§ DIRECTIONS FOR THIS TASK
Please copy exactly the lines from the first in the records through the line that contains "Bio jablečno-broskvový příkrm", but not the pictures.
==*==
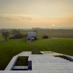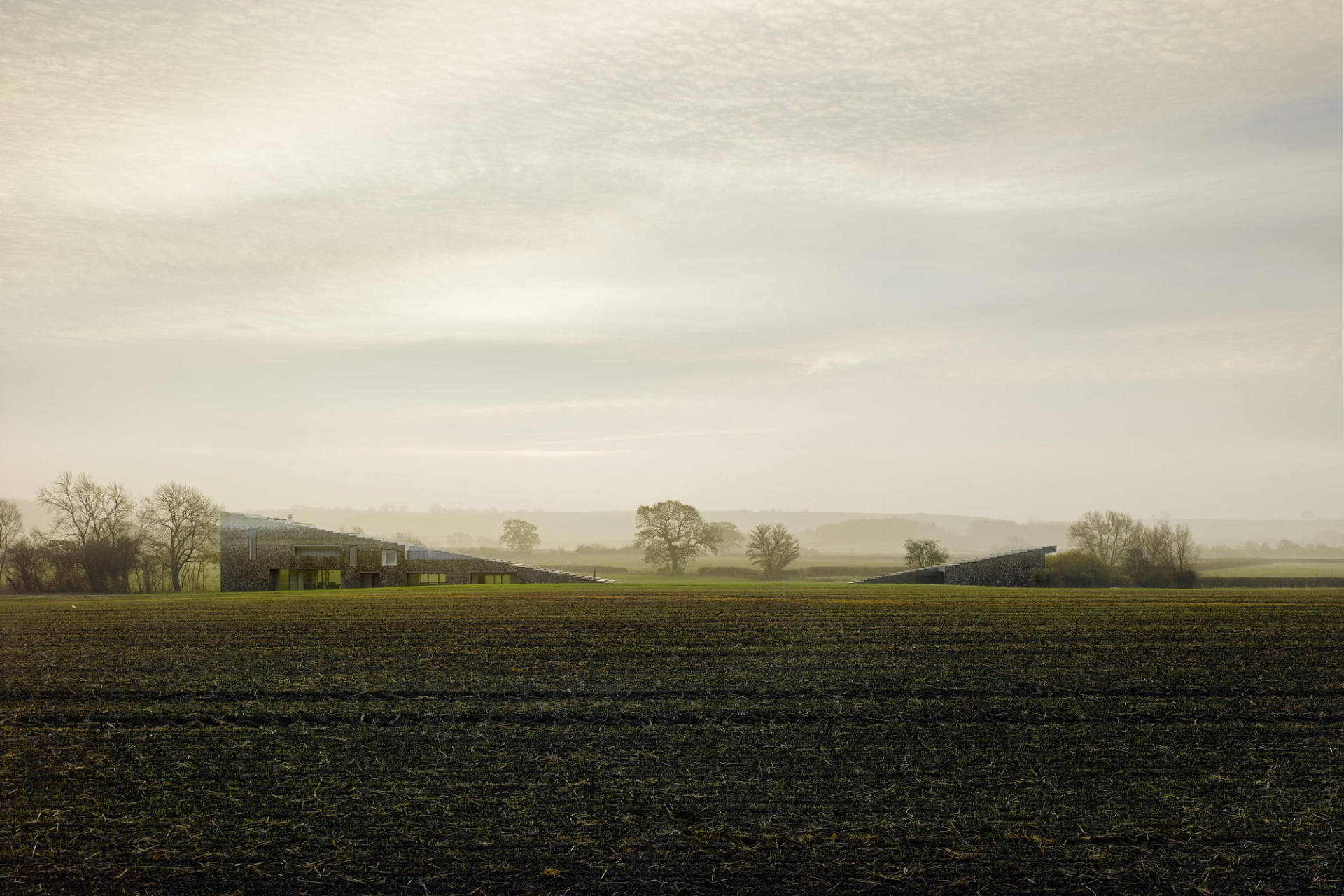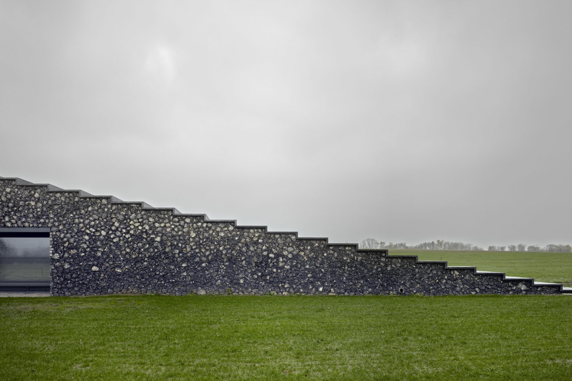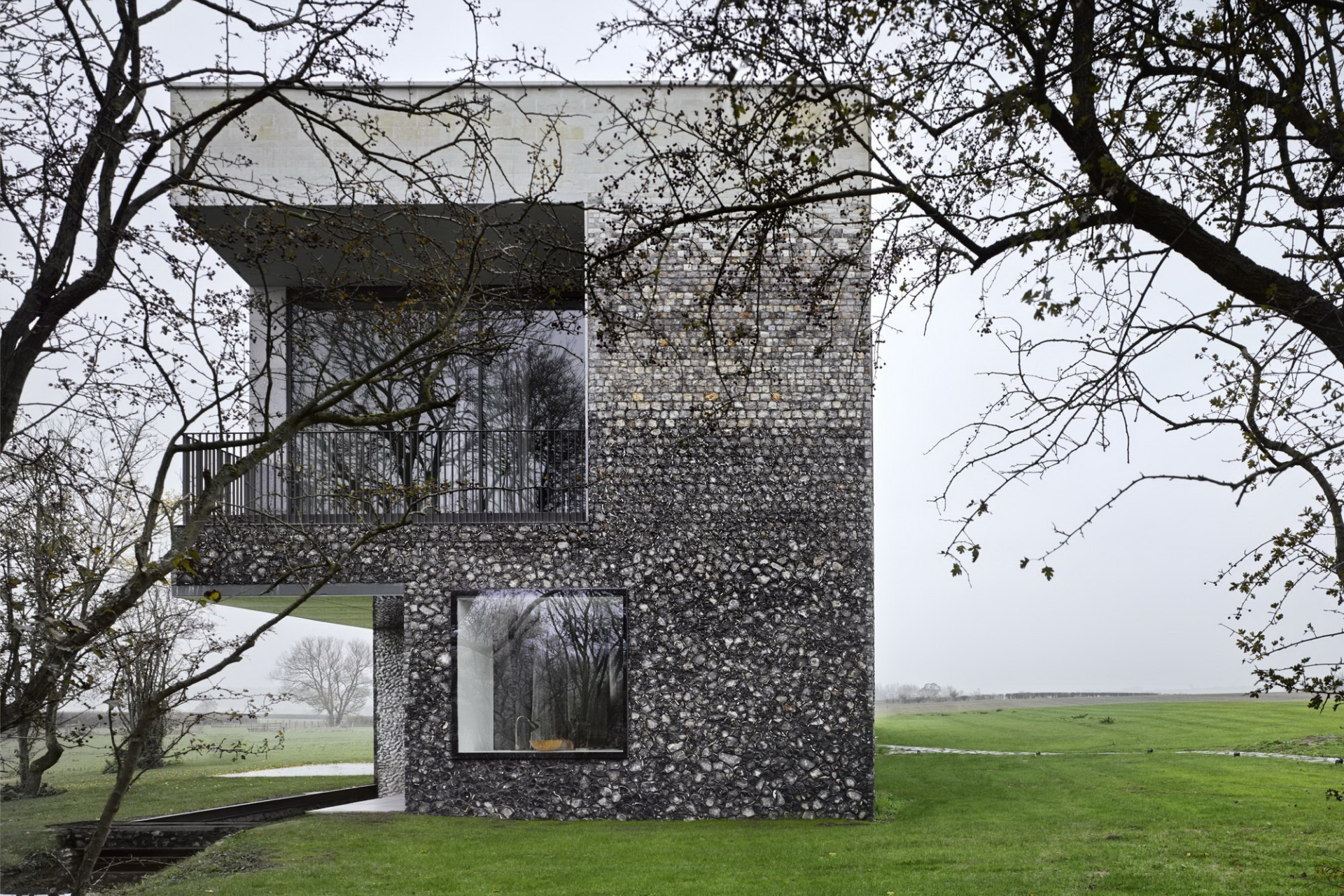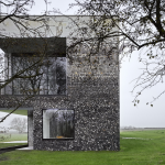 Архитекторы постарались сделать так, чтобы дом выглядел естественной частью пейзажа. Район известен меловыми холмами, где часто встречается кремень, поэтому именно этот материал стал основой проекта.
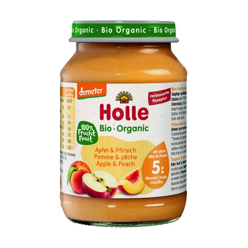 Bio jablečno-broskvový příkrm Tarrito Manzana y Melocotón Bio od Holle je lahodný dezert, 100% ekologický, doporučený od 4 měsíců věku kojenců a batolat. Je součástí zdravé a vyvážené stravy. Je to vhodný způsob, jak postupně přizpůsobit dítě k přijímání hustší stravy.
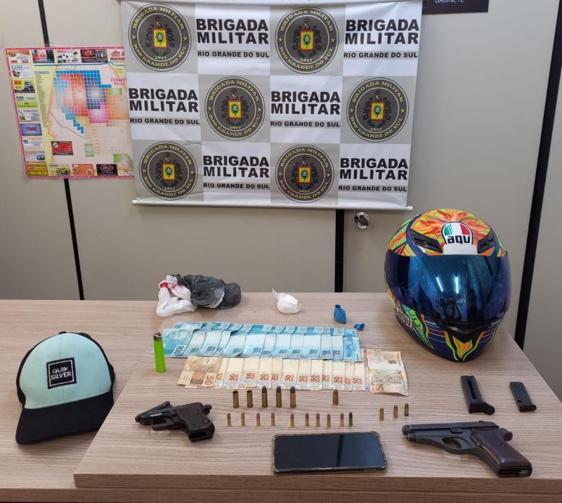 Em revista veicular foi localizado, duas pistolas, 13 munições intactas de calibre 22, três munições íntegras de calibre 38, dois cartuchos deflagrados, uma munição intacta de calibre 9 milímetros, uma quantia em dinheiro em espécie, uma porção de cocaína, um aparelho telefônico e um capacete de motociclista.
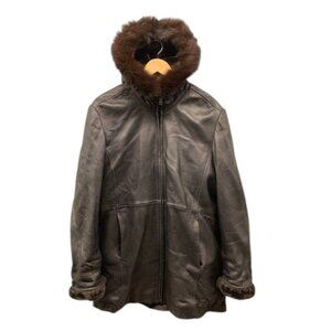 Marc New York Leather Jacket Women’s Size L Fox Fur Trim Collar Full Zip Coat
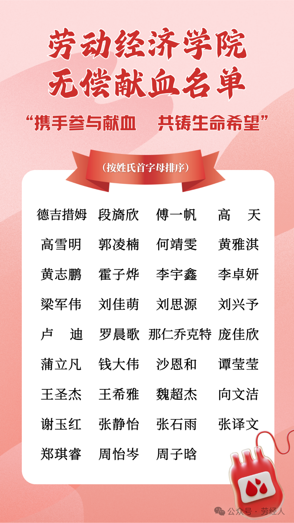 公益事事皆仁善,热血徐徐溢暖流。此次献血活动展现出劳经学子心系社会、关爱他人的责任担当,践行并弘扬了“奉献、友爱、互助、进步”的志愿精神。未来,希望有更多的同学能够积极投身献血活动,让青春在公益事业中绽放更加绚丽的光彩!
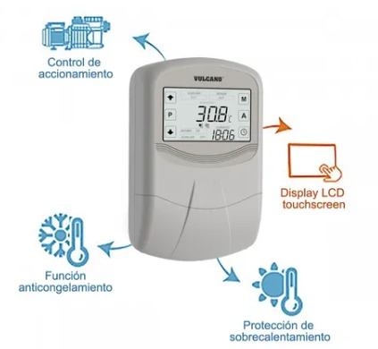 Mediante 2 sensores de temperatura (incluidos) determina cuando encender la bomba de pileta para calentar la misma y llegar a la temperatura de confort adecuada
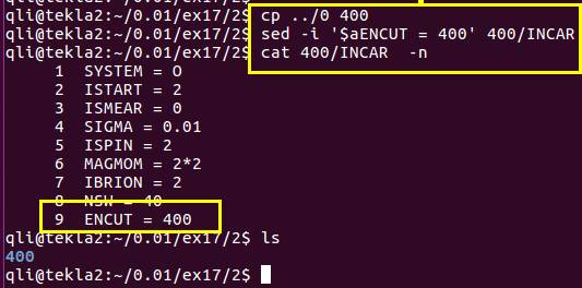 2.1.2)使用sed命令,在INCAR中最后一行加入ENCUT参数,值设置为400
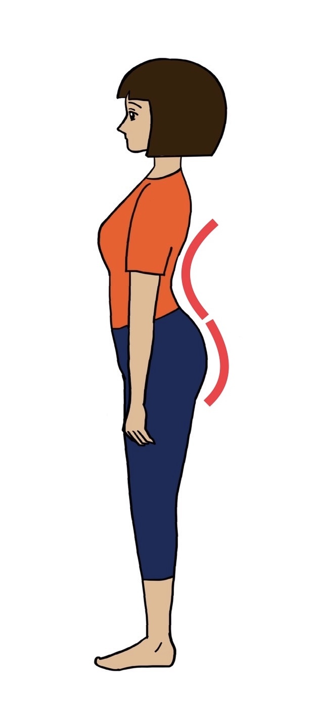 つま先の向きが内を向いている場合は、骨盤が前方へ倒れやすく腰から背中を反らした姿勢となってしまいます。
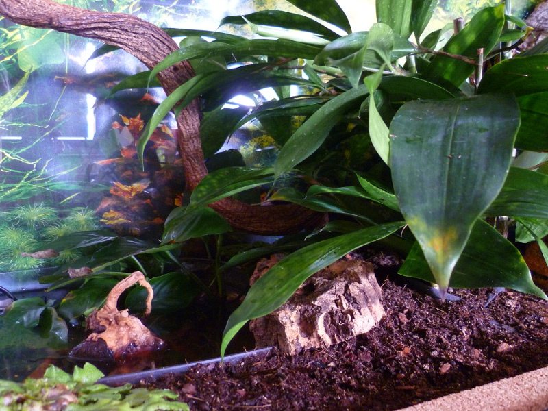 Riccia fluitans. Da werden sich aber bestimmt immer mal wieder Änderungen ergeben, da ich nicht davon ausgehe, dass alle Pflanzen auf Dauer im Terrarium gedeihen und von den Schnecken verschont werden. Mit der Entscheidung, eine
==*==
§ RESPONSE TO THIS EXERCISE
 Архитекторы постарались сделать так, чтобы дом выглядел естественной частью пейзажа. Район известен меловыми холмами, где часто встречается кремень, поэтому именно этот материал стал основой проекта.
 Bio jablečno-broskvový příkrm Tarrito Manzana y Melocotón Bio od Holle je lahodný dezert, 100% ekologický, doporučený od 4 měsíců věku kojenců a batolat. Je součástí zdravé a vyvážené stravy. Je to vhodný způsob, jak postupně přizpůsobit dítě k přijímání hustší stravy.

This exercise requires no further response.